Indicó que “el autónomo siente que cumple, pero que el sistema no le devuelve seguridad ni estabilidad” y señaló que la fotografía que dibuja el último Barómetro elaborado por el Consejo General de los Colegios de Gestores Administrativos entre finales de 2025 y comienzos de 2026 no es una instantánea puntual ni una reacción coyuntural, sino el resultado de años de acumulación de normas, trámites, cambios constantes y una relación cada vez más distante entre la Administración "y quienes sostienen buena parte de la economía real".
Este análisis apunta que ocho de cada diez profesionales consultados —exactamente el 82,04%— consideran que la situación de los autónomos ha empeorado en los últimos cinco años. Solo un 6,59% percibe mejoras. El resto se mueve en una sensación de estancamiento que, lejos de tranquilizar, refuerza la idea de desgaste. Agrega que ese malestar se refleja con claridad cuando se pregunta por el trato recibido por parte de las administraciones públicas. La valoración media apenas alcanza un 1,86 sobre 5, una puntuación que habla de distancia, incomprensión y frustración. Para casi la mitad de los encuestados, el trato es directamente “muy insatisfactorio”.
Cuando se pregunta de forma directa si la Administración actúa de buena fe, más de la mitad de los encuestados (56,89%) responde que no, frente a un 32,93% que considera que sí. A ello se suma que el 89,22% cree que el Gobierno no consulta a los autónomos antes de aprobar medidas que les afectan, una sensación de exclusión que se traduce en desapego y cansancio.
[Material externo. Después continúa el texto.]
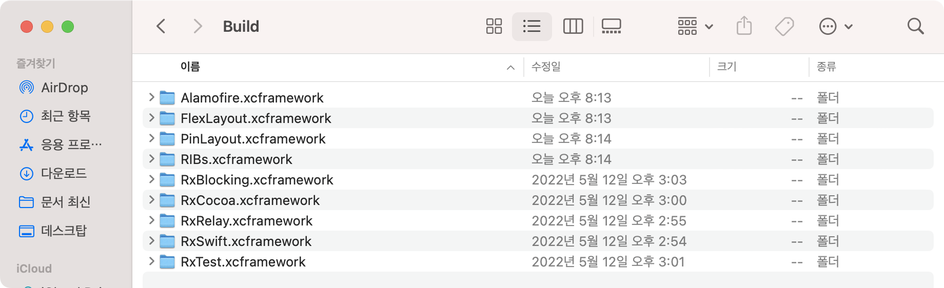 RIBs까지 빌드가 성공했다. 각각의 빌드를 위해 필요한 의존성까지 포함해 빌드된 xcframework를 살펴보면 아래와 같다.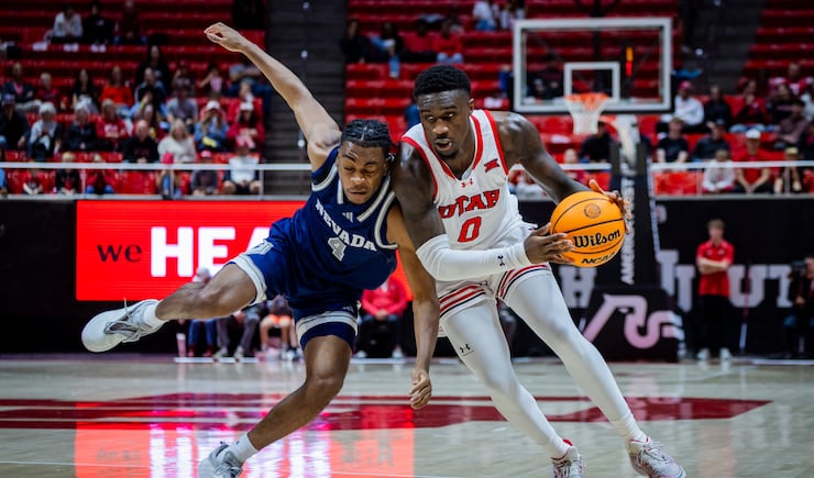 Utah Utes forward James Okonkwo (32) takes the ball down the court with Nevada Wolf Pack guard Tayshawn Comer (12) on defense during an NCAA men’s basketball exhibition game at the Jon M. Huntsman Center in Salt Lake City on Friday, Oct. 17, 2025. | Tess Crowley, Deseret News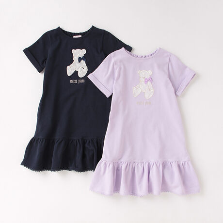 レースを使った上品なクマ刺しゅうをほどこしたワンピースです。甘いディテールに清涼感のあるカノコ素材が合わさった、アンバランスさがおしゃれポイント♪ 裾にはフレアに仕上げて、動いたときの可愛さにもフォーカス。両側にポケットつきです。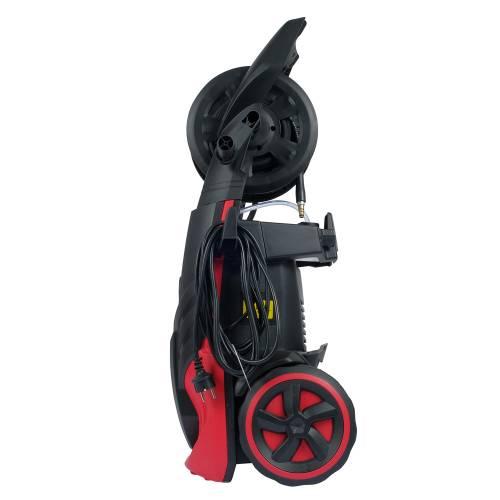 Блокнасос-двигательпомещен в прочный пластмассовый корпус, имеющий ручку для переноски, катушку для сматывания шланга высокого давления, крепления для пистолета, шлангов и кабеля электропитания. Длина шланга высокого давления увеличена до 7 метров для удобства мойки больших объектов. Обрезиненные транспортировочные колеса уменьшают вибрацию, передаваемую на корпус аппарата при транспортировке. Также в корпус встроены переключатель режимов работы и регулятор подачи жидкого моющего средства.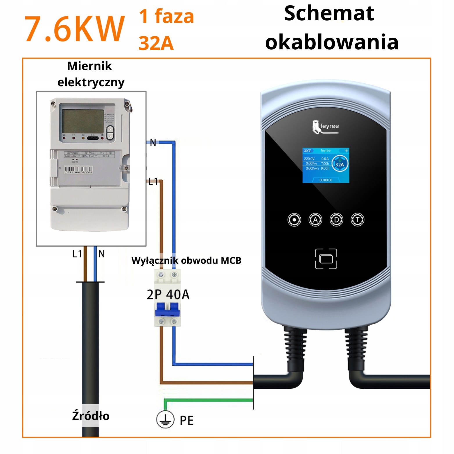 Зарядний пристрій FEYREE Wallbox потужністю 7 кВт тип 2 - 32 A 1 фаза Wi-Fi & RFID - Tesla +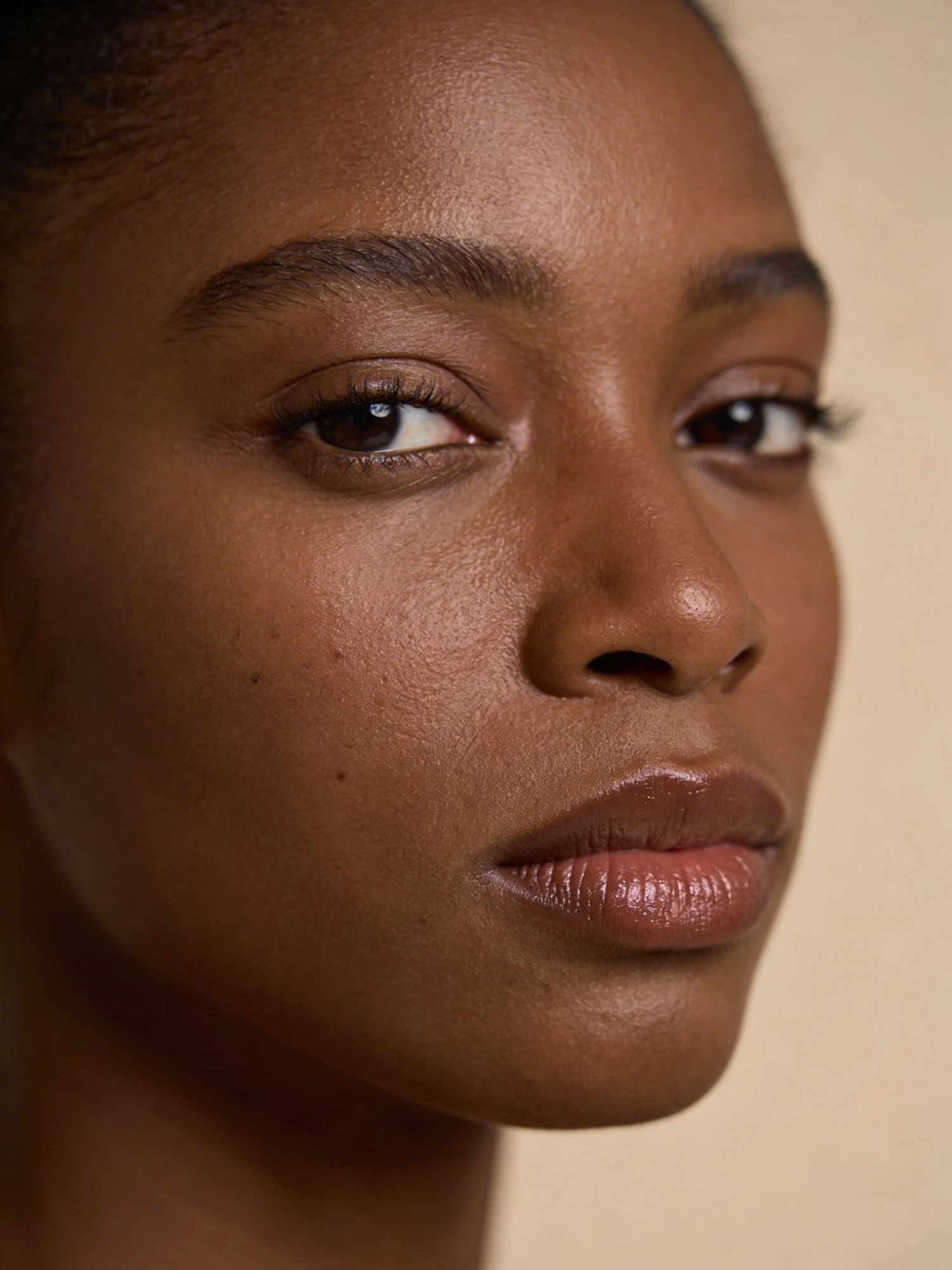 Close-up of a person's face with smooth, radiant skin, expressive eyes, and natural features, set against a neutral background.

El sistema de protección es otro de los grandes puntos de ruptura. El llamado 'paro del autónomo', pensado como red de seguridad, no cumpliría, según este estudio, su función psicológica básica: generar confianza. La nota media es de 1,50 sobre 5, y siete de cada diez encuestados aseguran no tener ninguna confianza en poder acceder a él si lo necesitaran. “Si un sistema existe pero el destinatario no confía en él cuando más lo necesita, el problema no es de comunicación, es de diseño”, apunta Santiago.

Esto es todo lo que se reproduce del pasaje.